During the autumn the British slowly reasserted their naval control over the Mediterranean, temporarily lost early in 1942, thus damaging vital supplies to Rommel’s army. At the same time reinforcements of men and tanks for the British poured into Egypt via the Suez Canal. General Montgomery took charge of the Eighth Army. Two attacks by Rommel, who knew that time was against him, were beaten off. On 2 November, the battle of El Alamein began in which, after ten days of attacks, Montgomery’s army broke the German-Italian force, and the Afrika Korps started on its retreat to Tunisia where most of it was captured, A little later the Anglo-American landings in North Africa took place and rapidly all North Africa passed into Allied hands.

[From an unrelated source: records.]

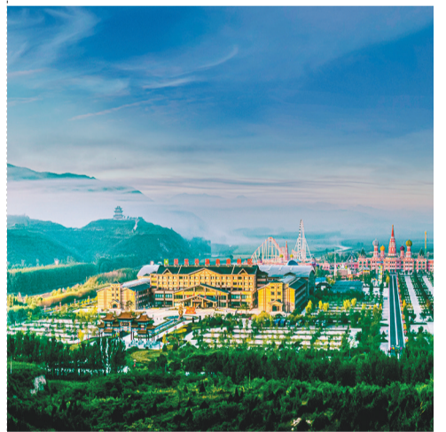
浴龙谷温泉度假区的建设发展,不断释放旅游产业拉动效应,扮靓乡村,致富农民。图为位于平房子镇小营村的浴龙谷温泉度假区。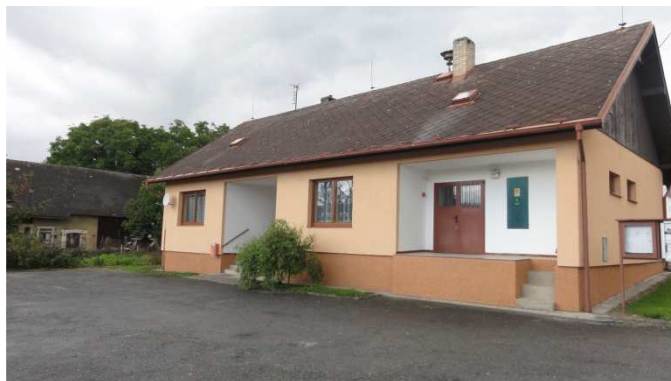
foto: Nedanice, společenské zařízení – oprava fasády a výměna oken a dveří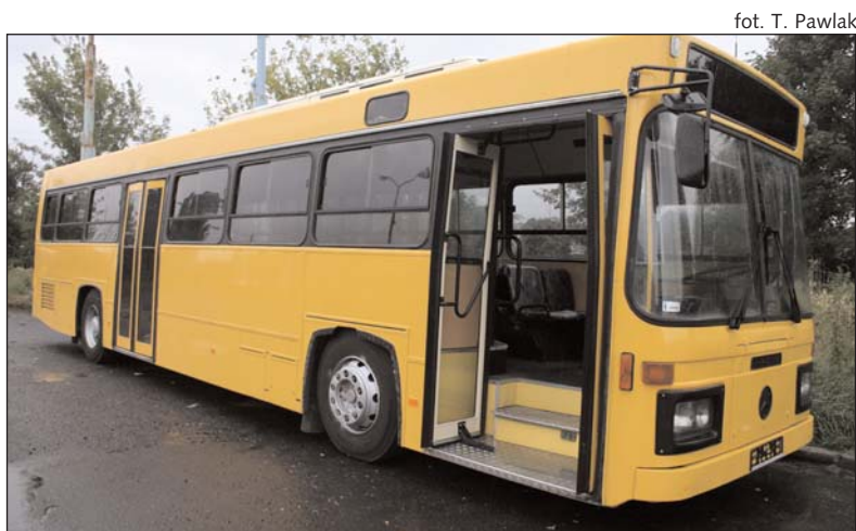
Nowe charakterystyczne autobusy linii Express Piaseczno

Ceny biletów: PKP Piaseczno - Warszawa Metro Wilanowska - 3 zł PKP Piaseczno - Warszawa Centrum - 4 zł Bilet miesięczny - 105 zł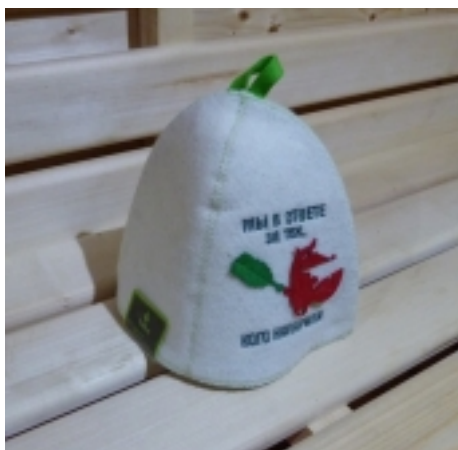
Ďiapka do sauny 11,88 €

Ďiapka do sauny -vyrobená zo 100% ovčej vlny -zabraňuje prehrievaniu pokožky hlavy -zabraňuje ničeniu vlasov -väčšorborne absorbuje vlhkosť -vlákná sú antialergická -použitá materiál je úplne recyklovateľný a neškodí životnému prostrediu [Detaily tovaru...]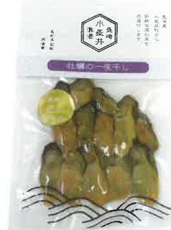
新商品の「一夜干し」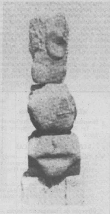
Doze escultores, toneladas de pedra, macetas e cinzéis, algumas máquinas, e muita imaginação: os principais ingredientes do Atelier ao ar livre que se encontra em Aveiro e que permite ao público ver nascer a escultura.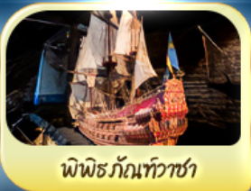
พิพิธภัณฑ์ท้าวชา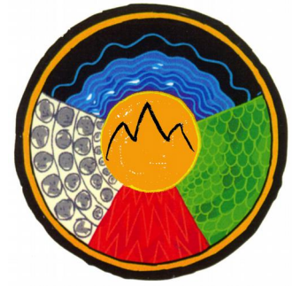
Medizinrad der Dagara

Die Faszination aller Formen von Aufstellungsarbeit liegt in ihrer emotionalen Wirkung auf die Beteiligten und im Schöpfen aus einem unbekanntem Wissen im Raum der Aufstellung. Auftauchen von Gefühlen und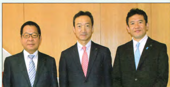
会派の建設副部長にも就任しました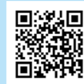
▲カリアンブレラ公式HP

So Stalingrad and El Alamein marked the last turn of the tide in the war. By May, 1943, the Allies invaded Sicily, and shortly afterwards Mussolini was deposed. In Russia, the Germans, after the terrible defeat of Stalingrad, managed a counter-attack at Kharkov to hold the Russian onrush. But this was only for a moment. Hitler was now to be on the defensive for the rest of the war except for brief spasms such as the Ardennes counter-offensive which delayed for a few weeks the invasion of Germany from the West. On the Eastern Front the Russian steam-roller moved on relentlessly to Bucharest, to Budapest, to Warsaw, to Vienna, and to Berlin.